— Ну что, убедился? — спросил незаметно подошедший Петр. — Будем возвращаться домой?
— Я еще похожу по Акрополю и Афинам.
— Как хочешь. Я возвращаюсь.
— Обожди. Выходит, что также легко можно попасть в империю инков до испанских конкистадоров или в Египет Птоломеев?
— Разумеется. Я же тебе объяснял. Только нужно четко понимать, где ты хочешь быть и в какую эпоху. Проще всего поступать так: открываешь какой-то земной сайт, изучаешь видео, фотографии исторических зданий, мысленно задаешь время и перемещаешься.

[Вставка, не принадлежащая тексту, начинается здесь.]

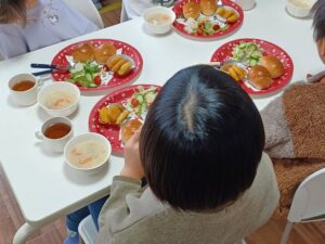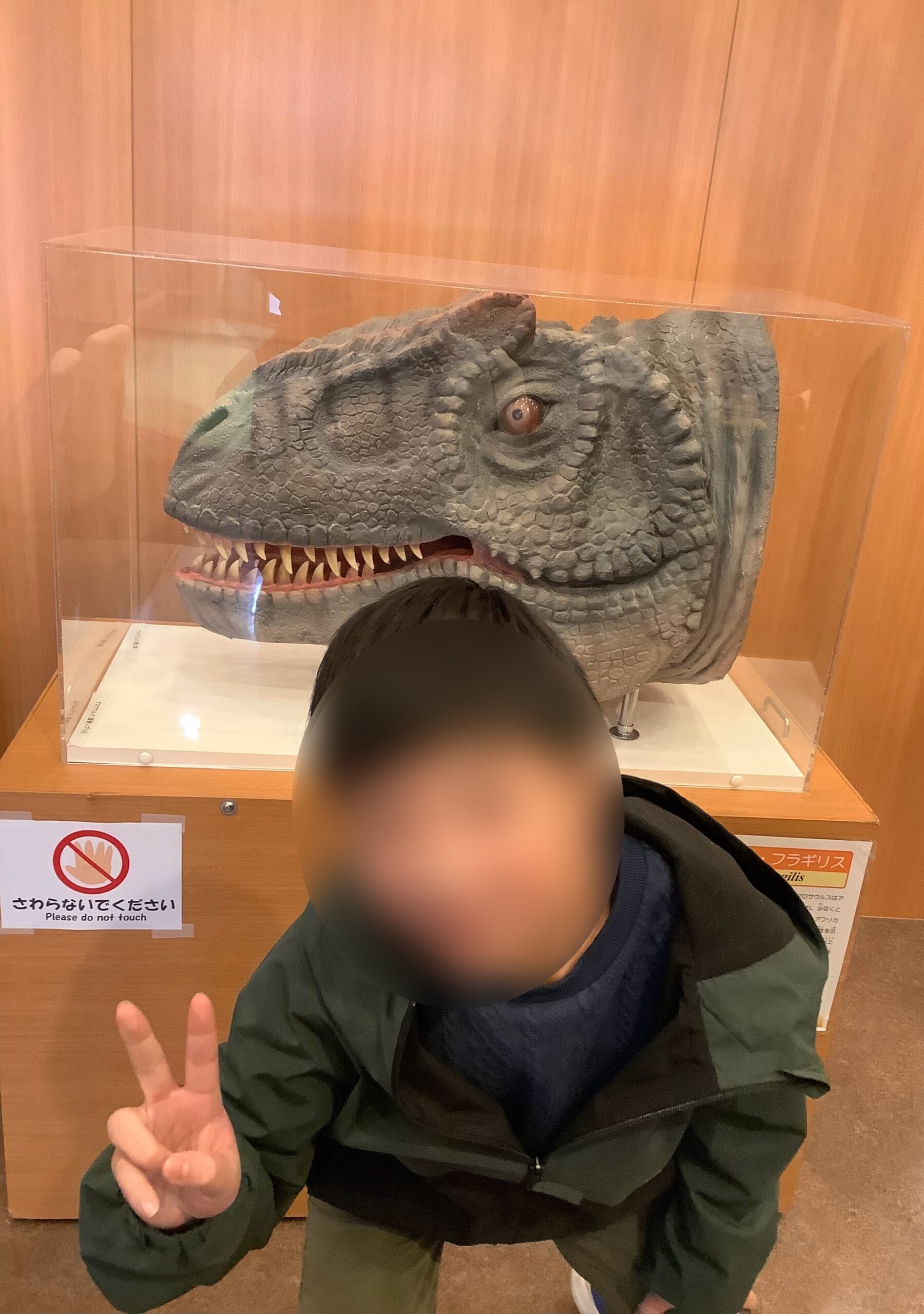 少し怖いと言っていた子も、かわいい恐竜のサウルスくんを見て笑顔で楽しんでいました☺🦖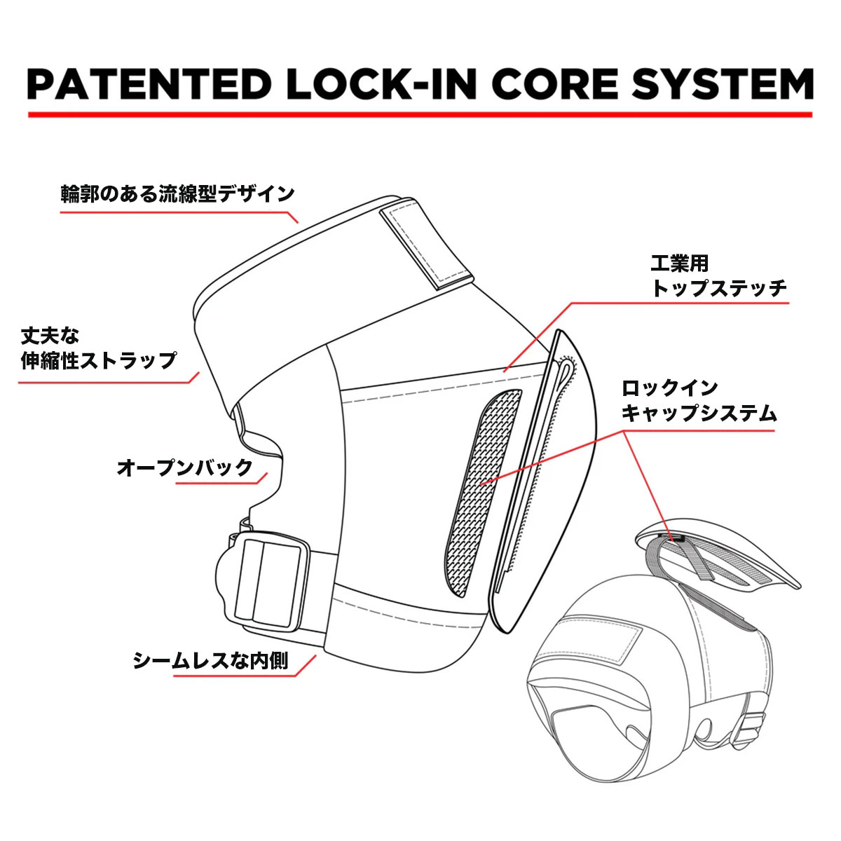 ・ 優れたフィット感と素早い着脱を実現するオープンバックデザイン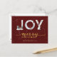 Modern Red Elegant Gold Script JOY Snow Overlay Holiday Postcard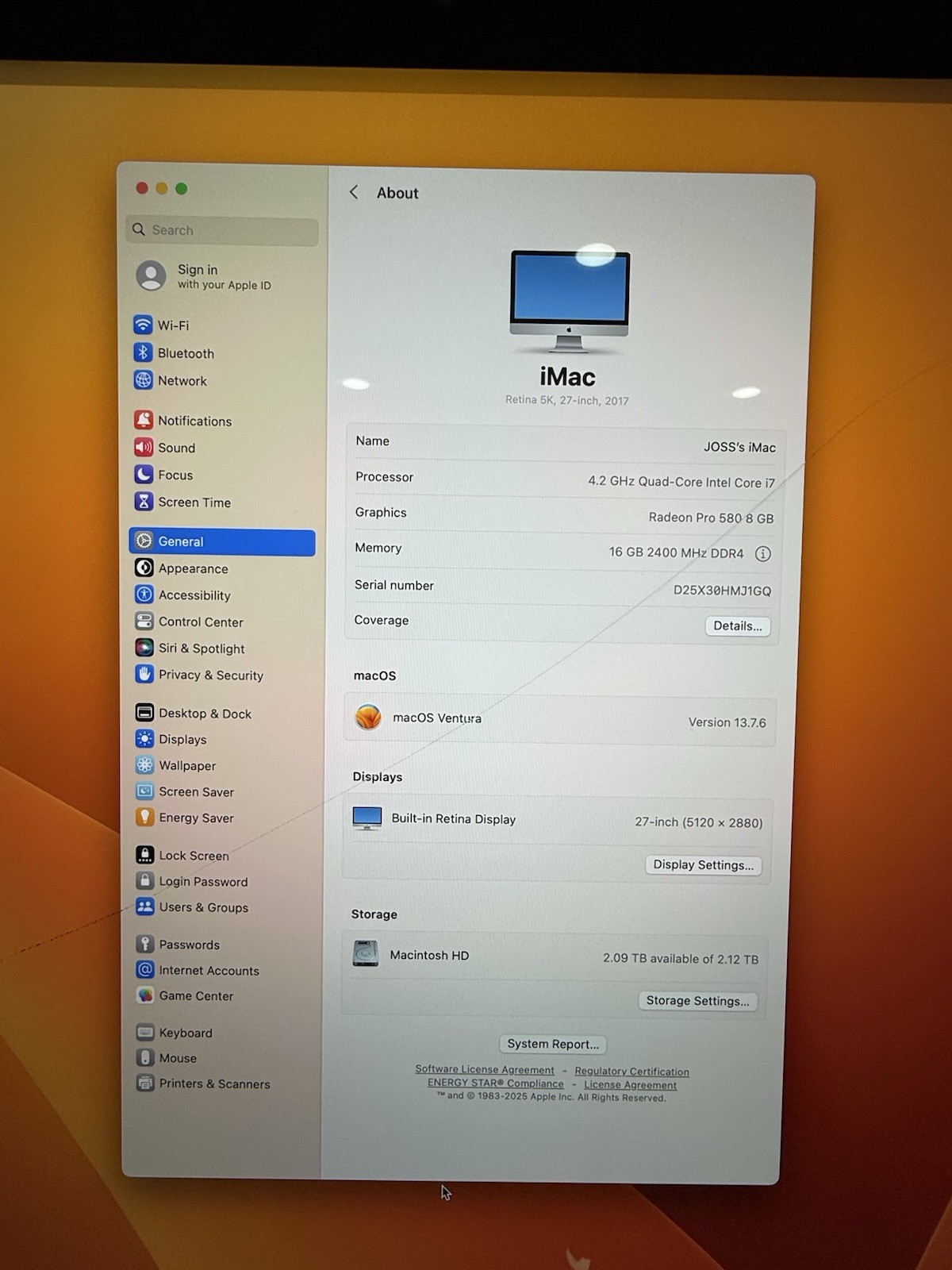 Apple iMac 27-inch I7 with 5K 2017 Ram 16gb SSD 2TB Screen Crack READ

— Но это …невероятно! Я могу в принципе согласиться, что некая Сверхцивилизация настолько могущественна, что способна создать виртуальные копии меня и еще 50 миллионов человек. Могу представить, что она способна сосканировать всю планету с ее триллионами триллионов живых существ, начиная от бактерий и заканчивая людьми. Но делать это ежесекундно, постоянно на протяжении двух тысячелетий — означает немыслимое количество информации, столько, сколько не хранит вся Вселенная.
Иванов кивнул головой:
— Правильная постановка вопроса. Давай присядем на эту древнегреческую лавку, и я тебе кое-что объясню. Прежде всего, тебе нужно забыть, что ты — человек. Ты — виртуальная матрица человека, которая достоверно выполняет лишь одну функцию: мыслительную. Например, в живом человеке живут миллиарды бактерий, которые весят в совокупности несколько килограммов и помогают тебе существовать, как биологическому существу. Однако весьма сомнительно, что они есть в нас здесь.
— Почему?
Петр вздохнул:
— Тут же, Коля, живет в качестве субстанций элита человечества. В том числе, и тысячи выдающихся биологов. Все было прекрасно, пока они рассматривали в свои райские оптические микроскопы райских лягушек. Вроде все как на Земле: клетка, ядро, протоплазма. Но потом на Земле придумали электронный микроскоп, естественно, появился он и здесь — и все, финиш.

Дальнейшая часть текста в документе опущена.